Use python to read RGB and YUV format pictures and calculate their entropy
I. Introduction
The content of this task:
Analyze the probability distribution of the three channels on down.rgb and down.yuv, and calculate their respective entropies. The resolution of the two files is 256*256, yuv is 4:2:0 sampling space, and the storage format is: rgb files are stored in sequence according to the BGR component of each pixel; the YUV format is according to the Y data block and U data block of all pixels And V data blocks are stored in sequence.
Although I used c++ to read YUV format files and perform a series of processing in the last semester, in comparison, python is more convenient to perform such operations, with more packages that can be called, and I am more familiar with it. Therefore, python is chosen as the programming language this time.
Second, read the image
1.RGB
#读取RGB图像
f = open(image_path,"rb")
data = f.read()
f.close()
data = [int(x) for x in data]
data = np.array(data).reshape((256*256, 3)).astype(np.uint8)

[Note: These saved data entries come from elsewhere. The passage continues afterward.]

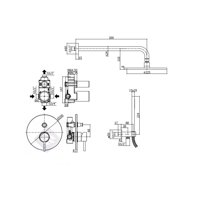 - przyłącze ciepłej i zimnej wody 1/2", dolne wyjście 3/4", górne wyjście 1/2"
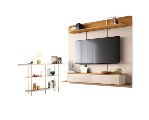 - Prateleiras com amplo espaço para objetos decorativos
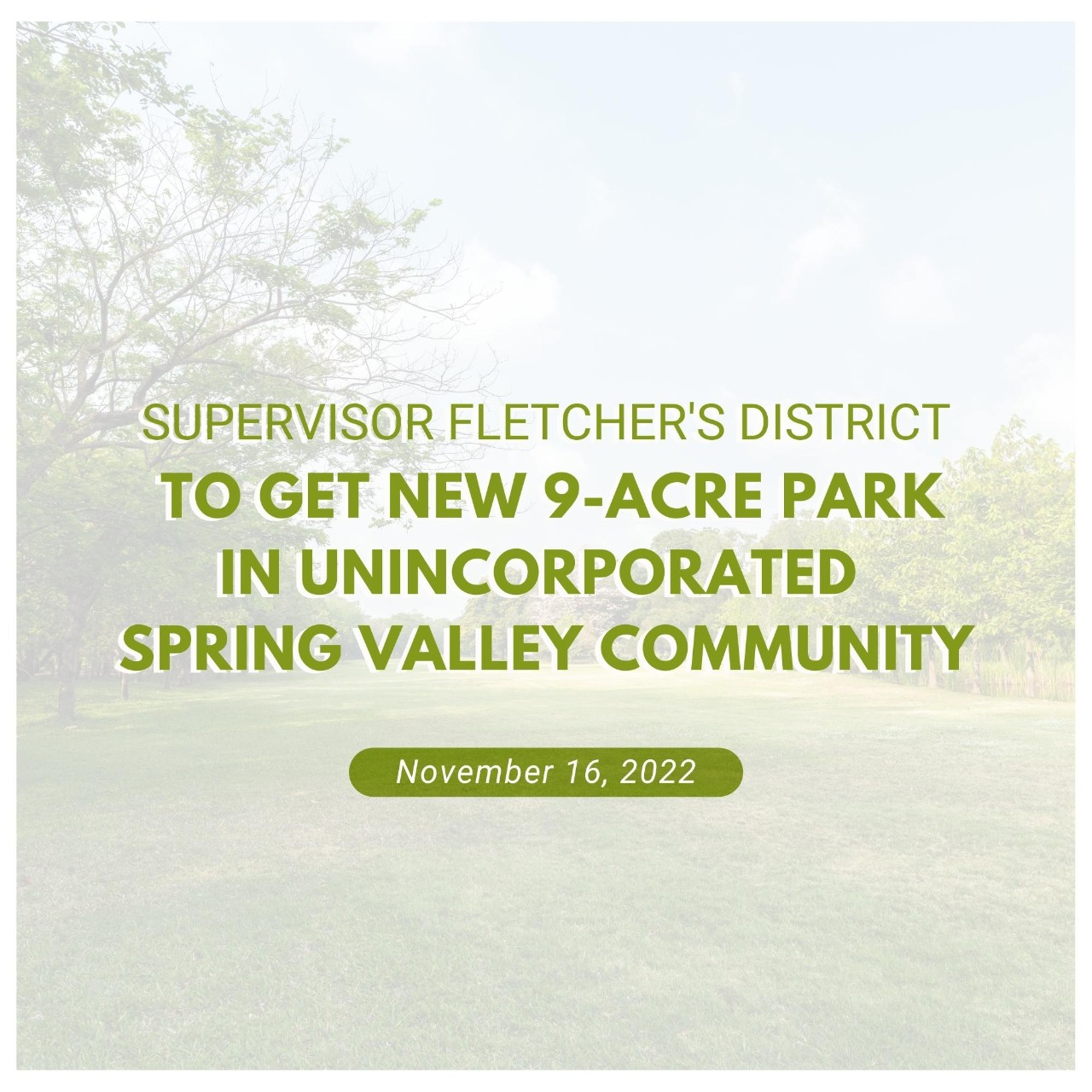 A new park is going to be built in Spring Valley. Supervisor Nathan Fletcher and the San Diego County Board of Supervisors today authorized staff to proceed with identifying a contractor to build Calavo Park in a dense residential community with multifamily housing near schools.
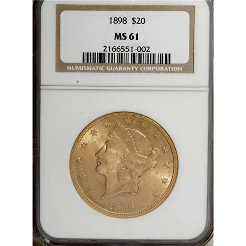 1898 $20 MS61 NGC. NGC Census: (381/670). PCGS Pop
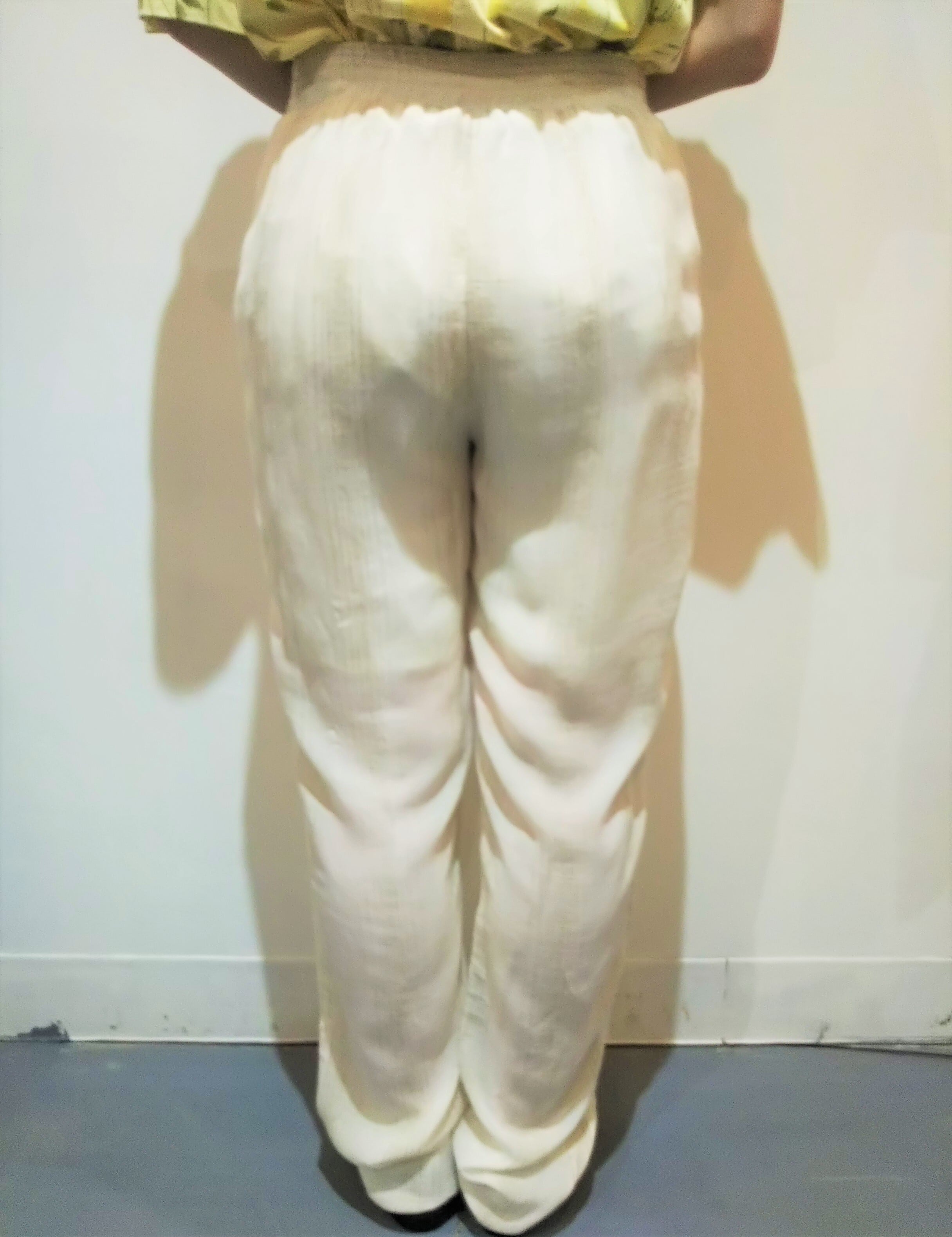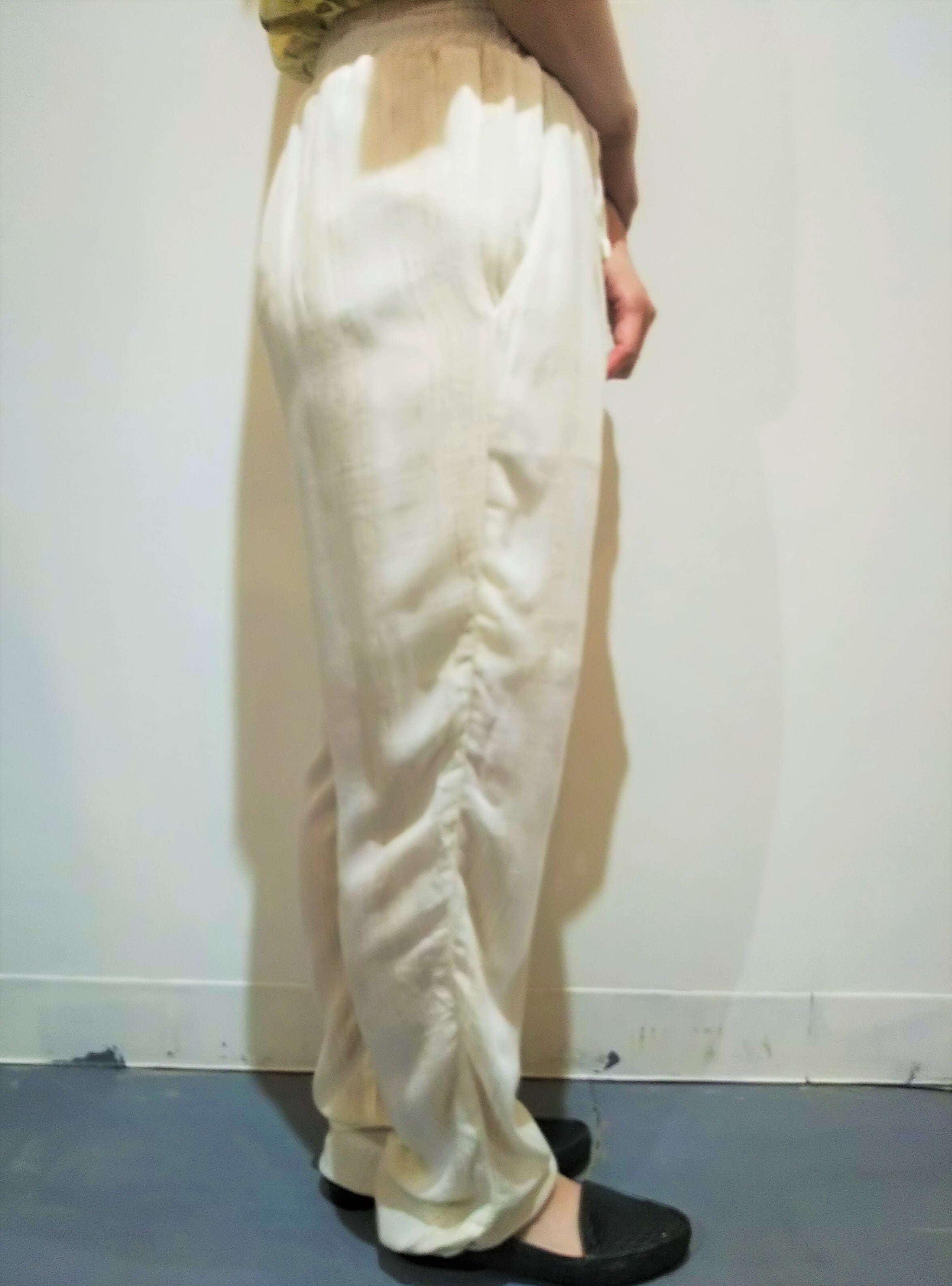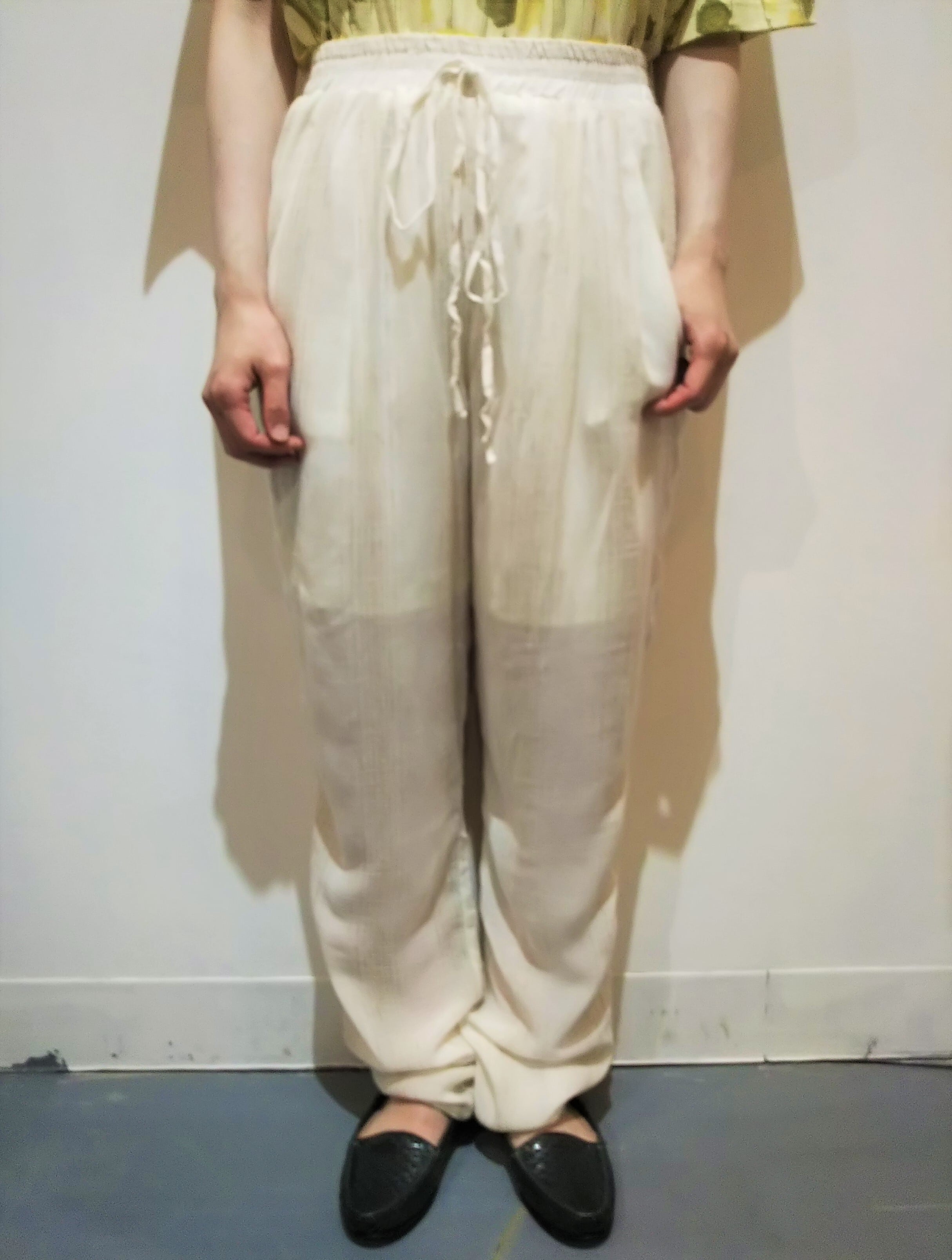 ウエストはゴムで紐は飾りです。
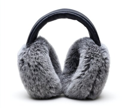 Fuzzy, brown ear muffs with a plastic band on a white background
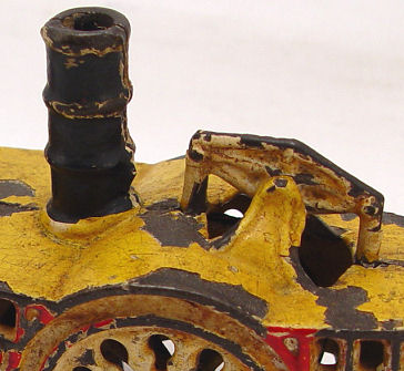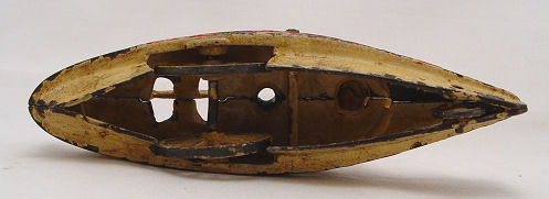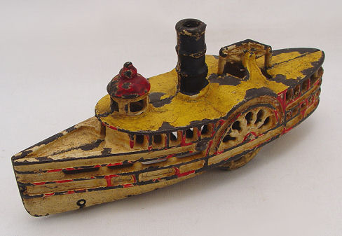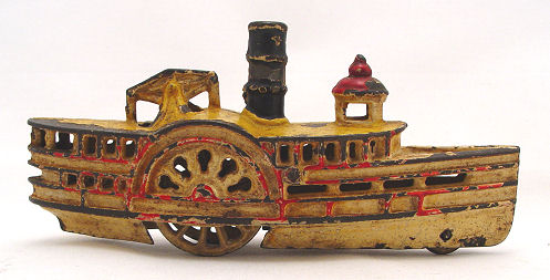 CAST IRON TOY STEAM PADDLE RIVER BOAT: 7 1/2''l., 3''h. Some loss of paint, though they are still bright.
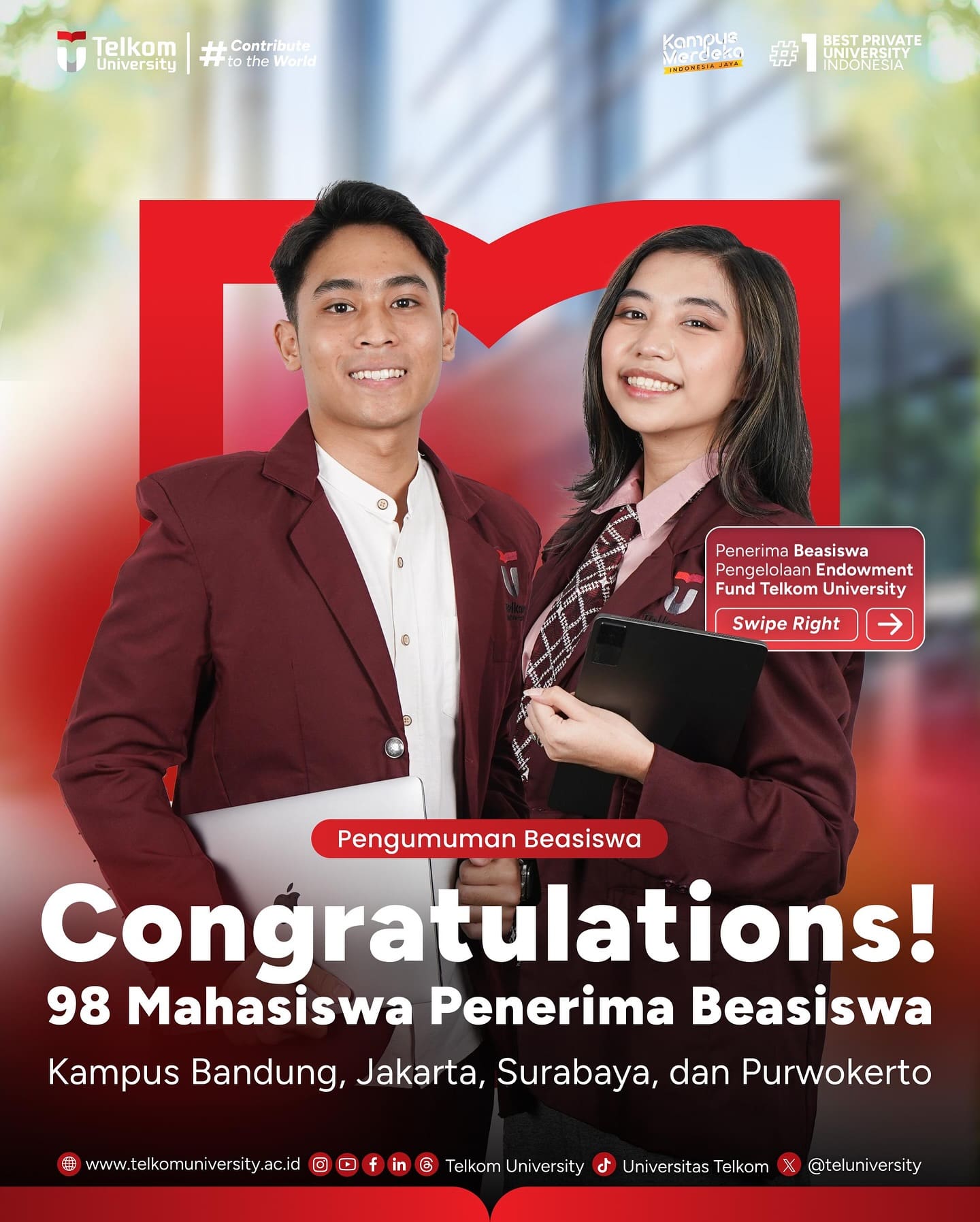 #TelkomUniversity #KampusSwastaTerbaik #CreatingTheFuture #ContributeToTheWorld #EntrepreneurialUniversity #SustainabilityUniversity
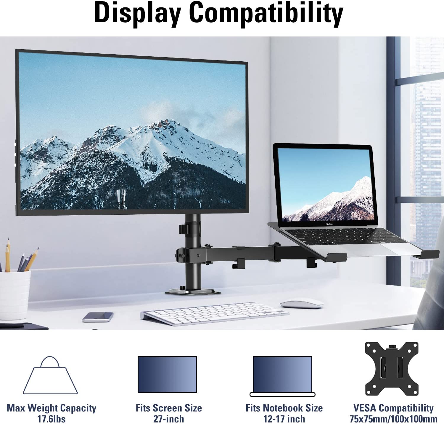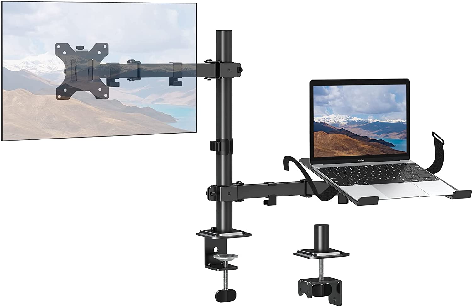 MOUNTUP Monitor Mount with Laptop Tray, Single Monitor Arm for 13-27 Inch Computer Screen, Laptop Mount for Max 17" Notebook, Desk Monitor Mount with C-Clamp and Grommet Base, up to 17.6lbs, Black

Originally, for the convenience of viewing the image of each channel, it was reshaped to (256, 256, 3). Later, when calculating the entropy, it was discovered that the np.bincount() function can only pass in one-dimensional data, so it was changed to a two-dimensional matrix.
Picture display
Note: The data storage order isBGRInstead of RGB
After consulting the data, it is found that the default reading method in opencv is also BGR, which needs to be paid attention to in the future
The function converts an input image from one color space to another. In case of a transformation to-from RGB color space, the order of the channels should be specified explicitly (RGB or BGR). Note that the default color format in OpenCV is often referred to as RGB but it is actually BGR (the bytes are reversed). So the first byte in a standard (24-bit) color image will be an 8-bit Blue component, the second byte will be Green, and the third byte will be Red. The fourth, fifth, and sixth bytes would then be the second pixel (Blue, then Green, then Red), and so on.
2.YUV
First, I checked some code written by others to read YUV on csdn, and it felt too complicated. After experimentation, it is found that directly restricting the size of each read by f.read() can read the YUV most quickly, and the read pointer will stay at the end of the last read.
#读取YUV图像
f = open(image_path,"rb")
data_Y = f.read(256*256)
data_U = f.read(128*128)
data_V = f.read(128*128)
data_Y = [int(x) for x in data_Y]
data_U = [int(x) for x in data_U]
data_V = [int(x) for x in data_V]
The picture shows
Y
U
V
Three, calculate entropy
1. Formulas and functions
function
#计算熵函数
def entropy(X):
n = len(X)
counts = np.bincount(X)
probs = counts[np.nonzero(counts)] / n
en = 0
for i in range(len(probs)):
en = en - probs[i] * np.log(probs[i])/np.log(2)
return en
np.bincount() function note:
np.nonzero() function note
2.RGB
#计算熵
data_B = data[:,0]
data_G = data[:,1]
data_R = data[:,2]
B = entropy(data_B)
G = entropy(data_G)
R = entropy(data_R)
print(B)
print(G)
print(R)
result:
R | G | B |
---|---|---|
7.229552890551847 | 7.178462484835099 | 6.856861210882991 |
2.YUV
#计算熵
Y = entropy(data_Y)
U = entropy(data_U)
V = entropy(data_V)
result:
Y | U | V |
---|---|---|
6.3318185418675075 | 5.126401914399721 | 4.113143002049819 |
Four, summary
It can be obtained from the calculation result that storing this image in YUV format can compress it even smaller. Through the file manager, the size of down.rgb is 192kb, while the size of down.yuv is only 96kb, but the knowledge is limited, and it is not clear whether it is related to this (get it back and update).